WASHINGTON: A draft item approving the proposed joint venture between Comcast and NBC Universal is circulating at the Federal Communications Commission, senior officials there said this morning. The FCC’s role is to determine whether or not the merging companies demonstrate the deal serves the public interest. FCC Chairman Julius Genachowski’s draft item indicates they’ve done so, but takes additional concerns into consideration.
Without providing details, the officials said the draft covers program access by competing pay TV carriers, for example. Competing cable operators, particularly smaller ones, have lobbied hard against the deal, which would give Comcast a majority stake in NBC Universal. As a result, it will have control over the NBC and Telemundo broadcast networks, 26 TV stations, NBCU TV production, syndication and news. This is in addition to its own ownership in 23 cable networks, production operations and cable distribution network--the largest in the United States with 24 million subscribers.
Competing operators are fearful that Comcast could price its content networks out of reach, rendering them inaccessible. The same goes for online content access, which the draft is also said to address.
In turn, it also covers carriage of competing and independent networks on Comcast cable and broadband systems. Finally, diversity and localism are addressed, the FCC officials said.
It was not clear when the item would be brought to vote, but it’s not expected before the end of the year. General Electric, owner of NBCU, acknowledged as much today.

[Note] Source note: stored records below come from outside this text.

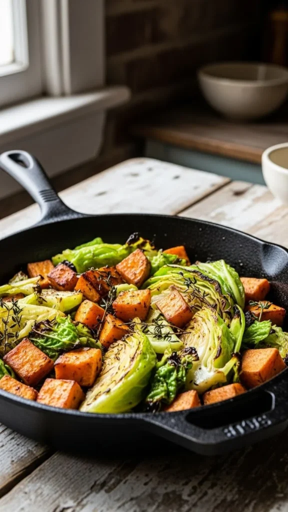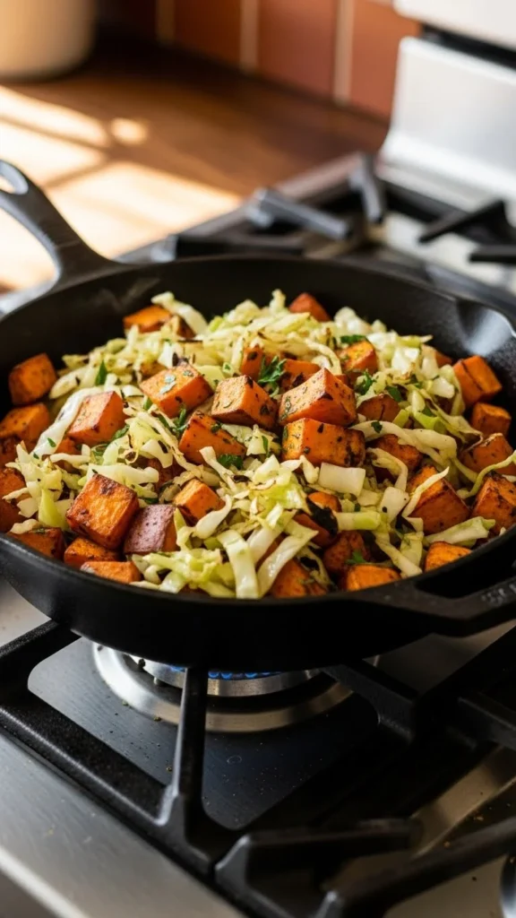 This dish is a good choice when you want something filling but not heavy. Sweet potatoes bring natural sweetness, while cabbage adds texture and keeps the dish balanced. Everything cooks in one pan, which makes it practical for weeknight dinners.
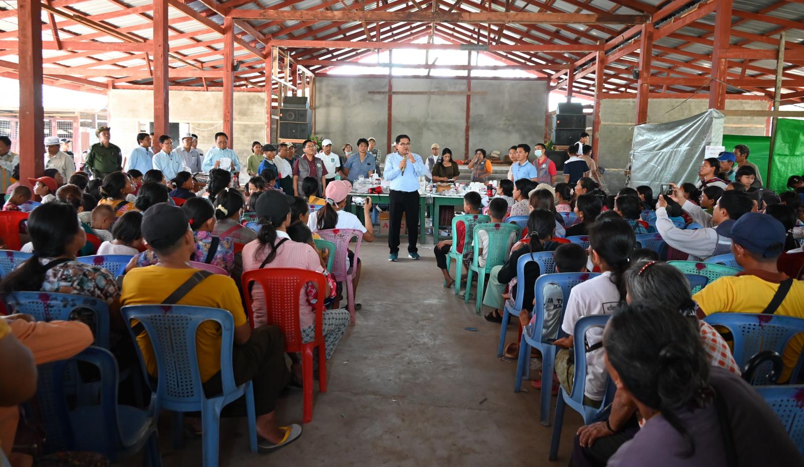 ထို့နောက် ပြည်နယ်ဝန်ကြီးချုပ်က ဘုရားကျောင်းဝင်းအတွင်းနှင့် ကျေးရွာအတွင်း ယာယီတိမ်းရှောင်နေထိုင်ကြသည့် အိမ်ထောင်စုများအား အားပေးစကားပြောကြားပြီး အိမ်ထောင်စုများ အတွက် ထောက်ပံ့ငွေကျပ် ၃ သိန်းနှင့် ကျန်းမာရေးစောင့်ရှောက်မှုလုပ်ငန်းစဉ်တွင် ပါဝင်သူများအား ထောက်ပံ့ချီးမြှင့်ငွေများကို ပေးအပ်ခဲ့ကာ စခန်းတာဝန်ရှိသူများက နေထိုင်စခန်းများအတွင်း လိုအပ်ချက်များကို တင်ပြကြရာ ပြည်နယ်ဝန်ကြီးချုပ်က လိုအပ်သည်များကို ဌာနဆိုင်ရာတာဝန်ရှိသူများနှင့် ပေါင်းစပ်ညှိနှိုင်းဆောင်ရွက်ပေးခဲ့သည်။
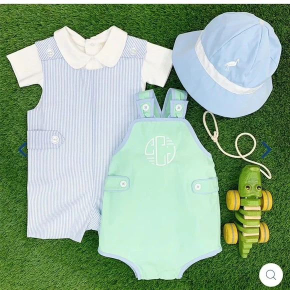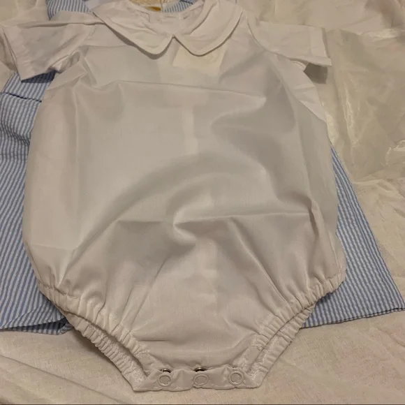 TBBC buckhead blue seersucker jon jon and white collared onsie. NWT 18/2…
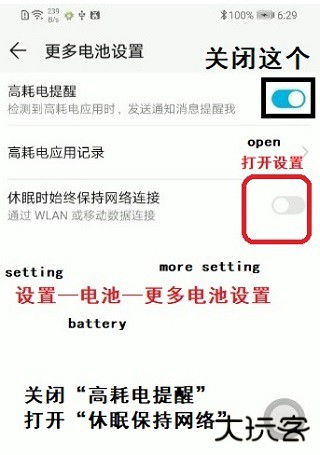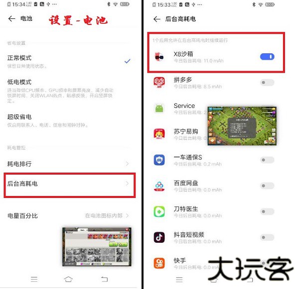 2、找到手机里面的设置-电池-省电那开关关闭,在下面的耗电保护列表里面找到X8沙箱,把后台冻结和异常耗电自动优化和深度睡眠全部搞成关闭状态即可。
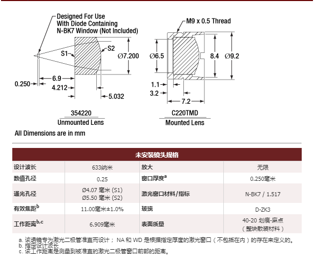 C220TMD-B 非球面透镜
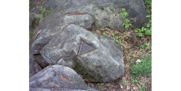 Теперь снова вернемся в Россию. В мегалитах Индомана находят много интересного, например, вырезанный треугольник в камне – рис. 33. Всё чаще и чаще простые энтузиасты и внимательные люди находят на просторах Руси удивительные находки. Эти необычные камни расположены в Вашкинском районе Вологодской области. Уровень обработки камня сопоставим с лучшими образцами древнейших культур мира. Эта территория – в междуречье рек Кемы и Индоманки.
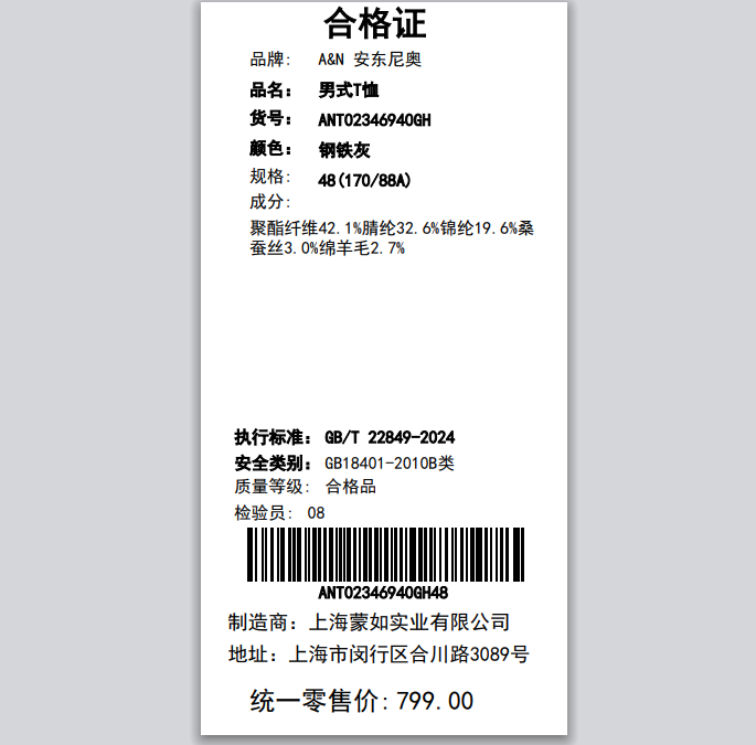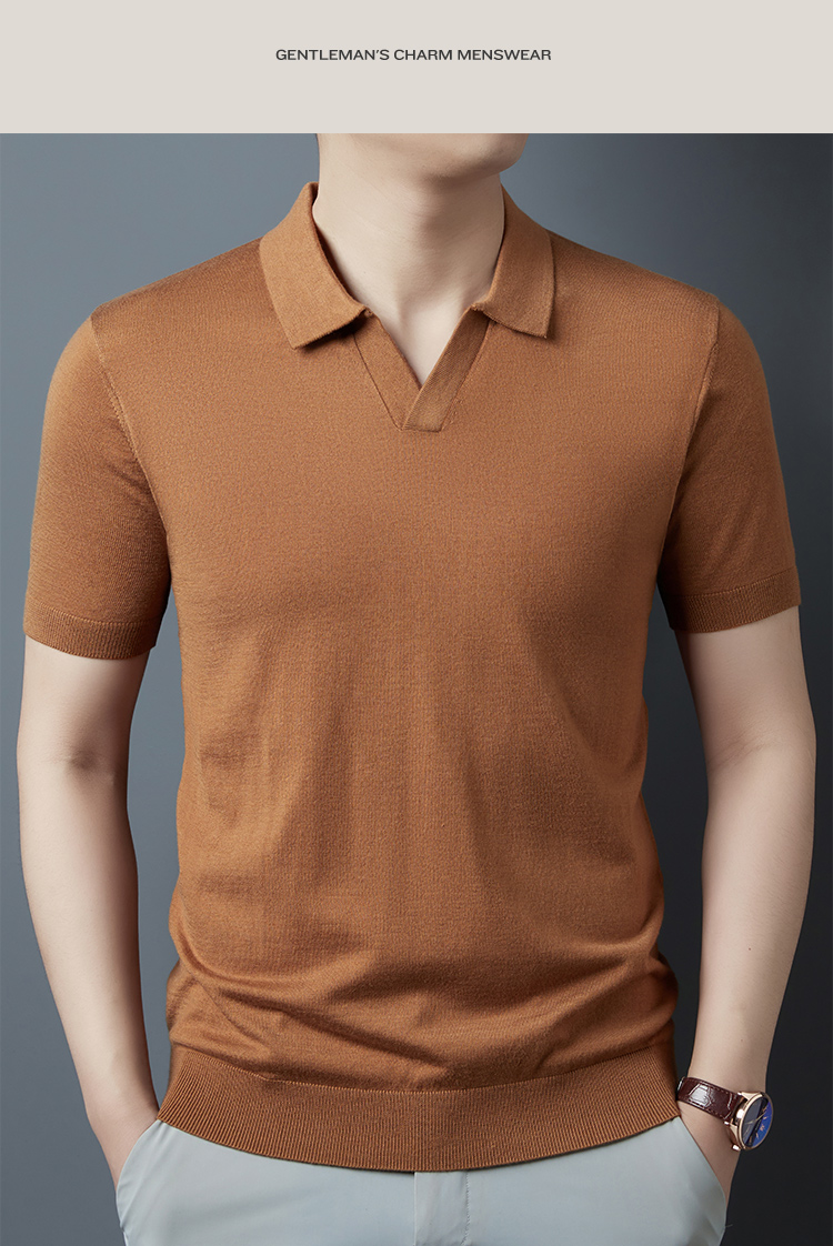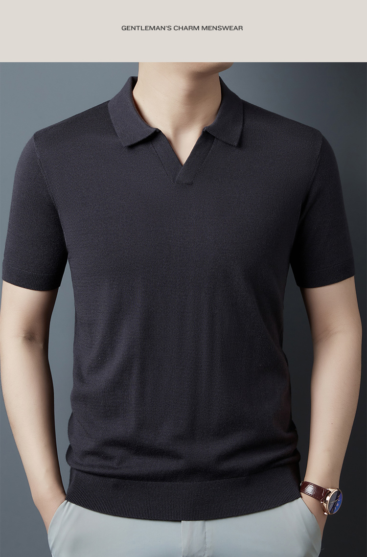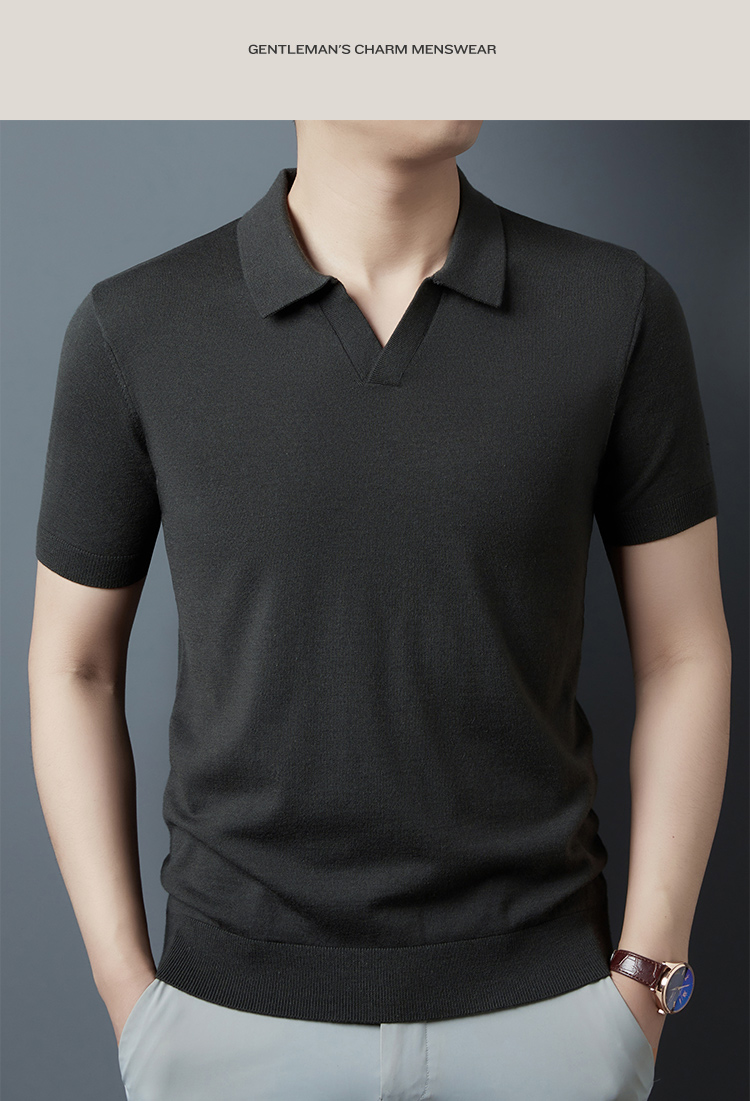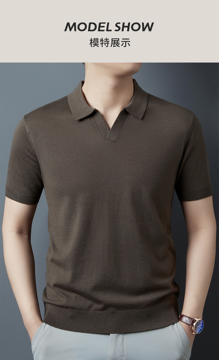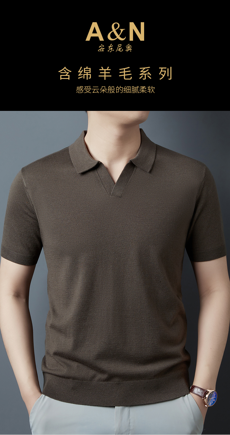 安东尼奥A&N 可机洗【含精纺羊毛&桑蚕丝】时尚轻奢针织短袖T恤男士休闲打底衫6300727
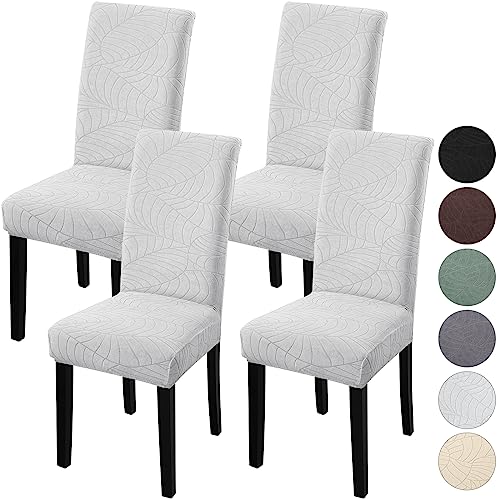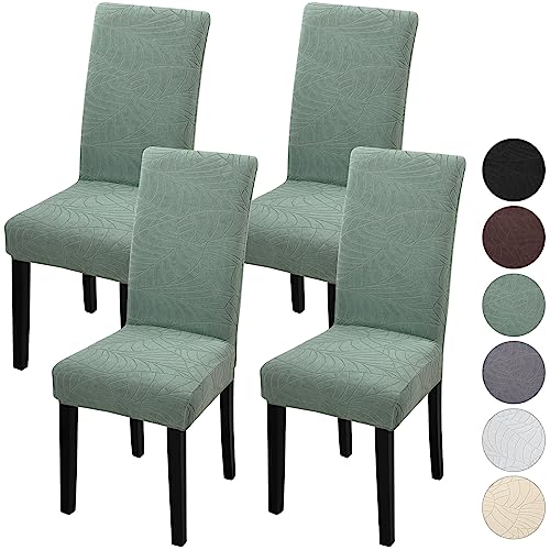 Fuloon Stolsöverdrag med jacquardblad, universellt stretchigt, modernt stolsöverdrag, elastiskt, avtagbart, tvättbart dra-på-överdrag för matrumsstolar, gungstol, set om 4
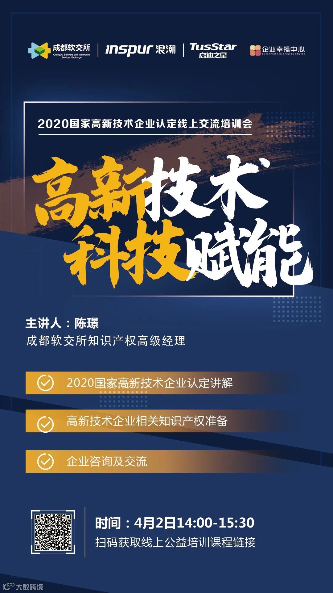 高新技术企业认定需要哪些条件?涉及的财务指标及要求是什么?如何解读高企财税优惠政策?有哪些需要关注的问题?为帮助科创企业更好地解读高新技术企业申报要求及优惠政策,浪潮(成都)科创中心将联合成都软交所举办2020年国家高新技术企业认定线上交流培训会。
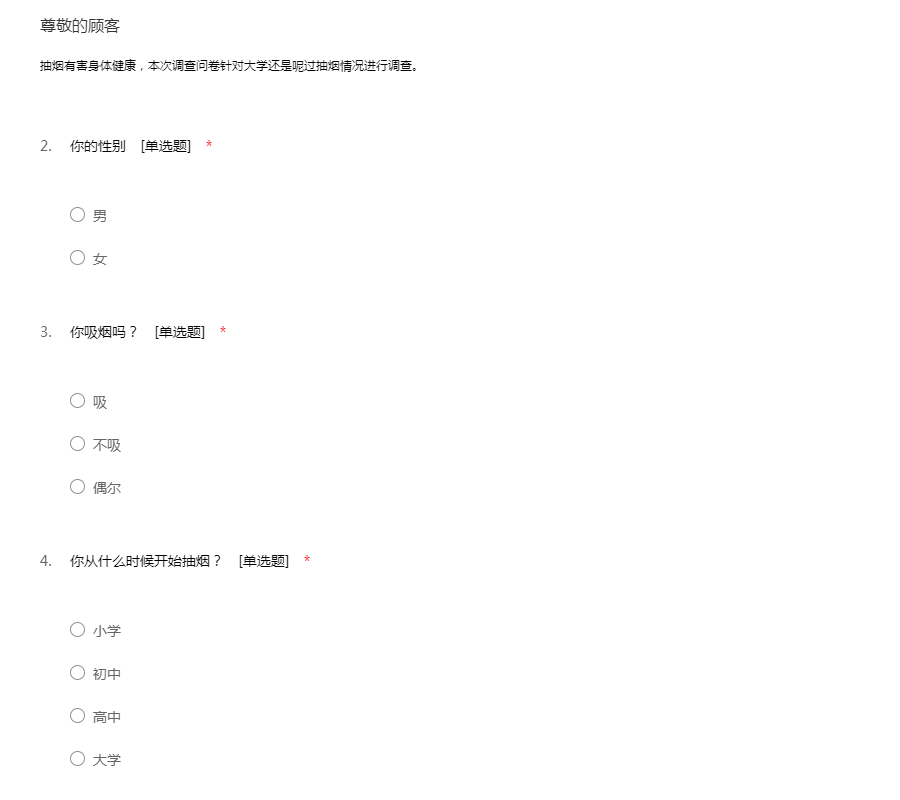 抽烟有害身体健康,本次调查问卷针对大学还是呢过抽烟情况进行调查。
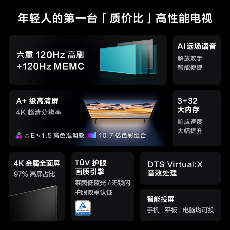 电视类型:智能电视,K歌电视,适老电视,游戏电视

“While we understand that the FCC and the Department of Justice continue to make good progress toward approval of the sale of a majority stake in NBCU to Comcast, because of the lead time required, we will not close by year-end 2010,” GE said in a fourth-quarter update. “We expect that closing will occur in January 2011.”
The FCC received 30,000 comments on the proposed merger since Comcast and NBCU filed for approval last January. The deal provides Comcast with a 51 percent stake in a joint venture comprised of the NBCU properties, with the option of buying the other 49 percent from GE over the next three to seven years. The transaction would make Comcast the largest media company in U.S. history and it would mark the first time a pay TV distributor would own a major broadcast network.